DATASET SECTION:
+ + + +
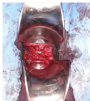
Figure 4: Macroscopic appearance of the vaginal fund during enlargement vaginoplasty properly presenting to specific Dupuytren technique (patient 3).

Two patients had undergone enlargement surgery using the Dupuytren technique (Figure 4). Another patient chose non-surgical treatment with progressive vaginal dilation using Frank's method. The fourth was advised to continue intercourse, as she had already achieved a vaginal length of 7 cm with this procedure. Psychosexual follow-up was provided by the surgical team. These different treatments had made it possible to obtain, within 5 months, a vaginal length of 9 cm on average for the Dupuytren method (Figure 5) and 7 cm for the Frank method. Sexual satisfaction was noted by all patients. Infertility, however, remained a major concern in current follow-up.
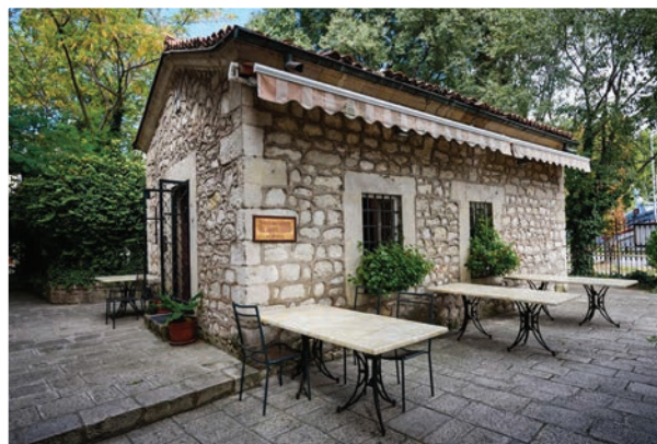
The chapel of St. Prophet Elijah built in year 1836, which is included in the park of Paraskeva Nikolau donated Hospital.
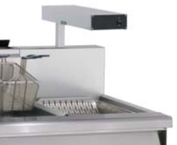
Side Car includes a stainless steel cabinet with a drain area, food warmer and dump pan.
+ + + +
YOUR GOAL: Leaving out all pictures, retype exactly the lines that run from the one containing "The chapel of" through the last line of the material.

EXERCISE RESPONSE:
The chapel of St. Prophet Elijah built in year 1836, which is included in the park of Paraskeva Nikolau donated Hospital.
Side Car includes a stainless steel cabinet with a drain area, food warmer and dump pan.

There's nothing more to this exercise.